In a previous post some time ago, we used the term occasionality to refer to events or outcomes that arise occasionally, but are not the result of the kinds of replicable phenomena around which the physical sciences developed and for which probability concepts and statistical inference are constructed.  Here, we want to extend the idea as it relates to research funding.

There has long been recognized a kind of physics envy among biologists, wishing to have a precise, rigorous theory of life to match theories of motion, atomic chemistry, and the like.

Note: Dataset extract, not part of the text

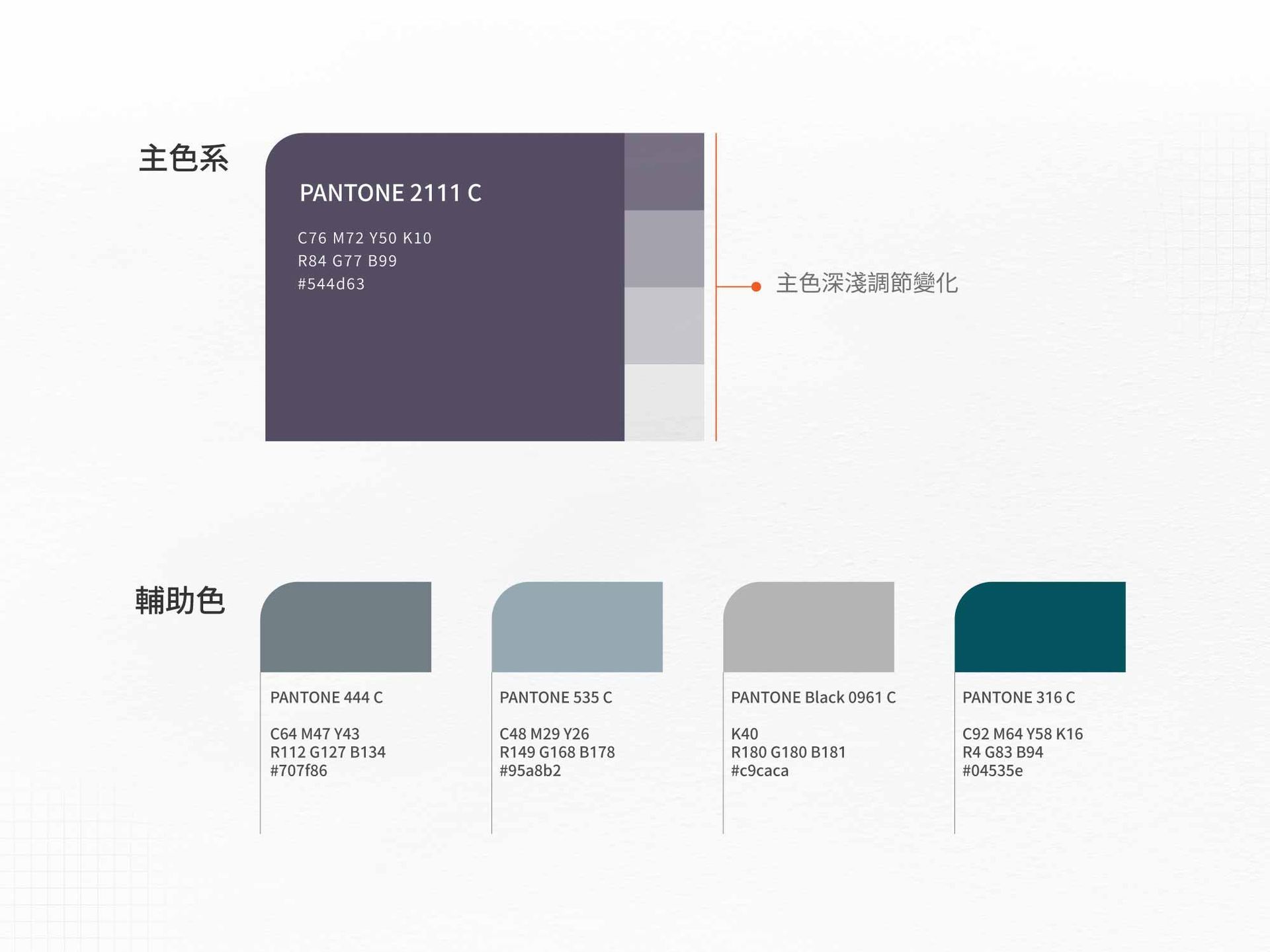 精準定義品牌主色與輔色,包括 CMYK、RGB、Pantone 色號。知心品牌設計透過穩重的中性色系,營造出專業而不失溫度的氛圍。

But we argue that we don't yet have such a theory or, perhapsthe theory of evolution and genetics that we do have, which is in a sense already a theory of occasionality, is close to the truth.

Instead of an occasionality approach, assumptions of repeatability are used to describe life and to justify the kinds of research being done, when a core part of our science is that evolution, which generates genomic function, largely works by generating diversity and difference rather than replication.  Since individual genetic elements are transmitted and can have some frequency in the population, there is also at that nucleotide level some degree of repetition even if no two genomes, the rest of that element's genomic environmental context, are entirely alike.  The net result is a spectrum of causal strength or regularity.  Because many factors contribute, the distribution of properties in samples or populations may be well-behaved, that is, may look quite orderly, even if the underlying causal spectrum is one of occasionality rather than probability.

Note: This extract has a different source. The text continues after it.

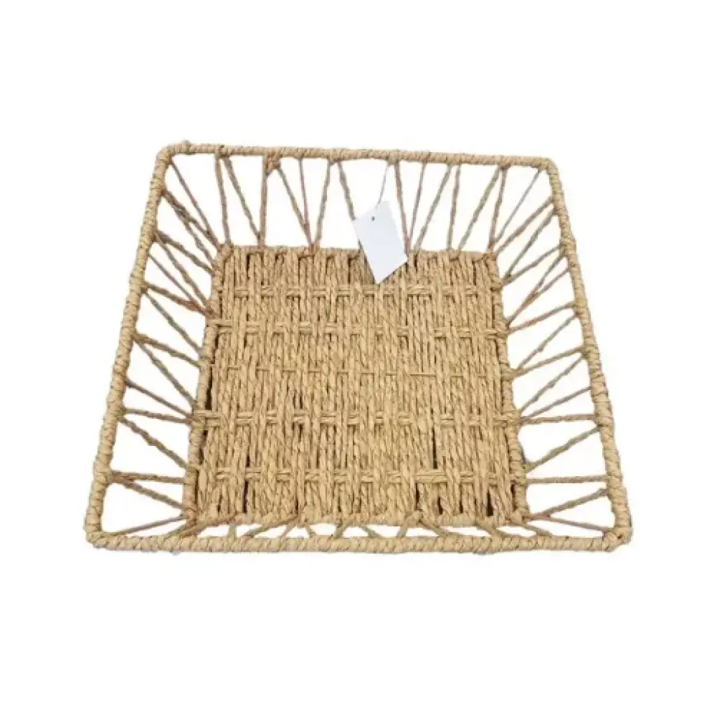 Doğal Örgü Kare SepetÜrün Açıklaması:Doğal örgü kare sepet, estetik ve işlevselliği bir arada sunan bir dekoratif aksesuardır. Sağlam ve şık tasarımı ile mutfakta, salonda veya herhangi bir yaşam alanında küçük eşyaları düzenlemek ya da sunum amaçlı olarak kullanılabilir. Yüksek kaliteli doğal malzemeden üretilmiştir ve evinize sıcak bir atmosfer katar.Özellikler:Malzeme: Doğal hasırRenk: Natürel hasır dokusuBoyut: Kare şeklinde yaklaşık 25 x 25 cmKullanım Alanları: Mutfak, banyo, salon ve dekorasyon amaçlı çok yönlü kullanımPaket İçeriği:1 adet Doğal Örgü Kare Sepet

Strongly causal factors, like individual variants in a particular gene, are those that when the factor occurs, its effects are usually manifest, and it generates repeatability.  It and analysis of it fit standard statistical concepts that rely on, are built upon, the idea of repeatable causation with fixed parameters. But that is a deception whose practice weaves the proverbial tangled web of deeper realities.  More often, and more realistically, each occurrence of 'occasional' events arises from essentially unique causal combinations of causal factors.  The event may arise frequently, but the instances are not really repeats at the causal level.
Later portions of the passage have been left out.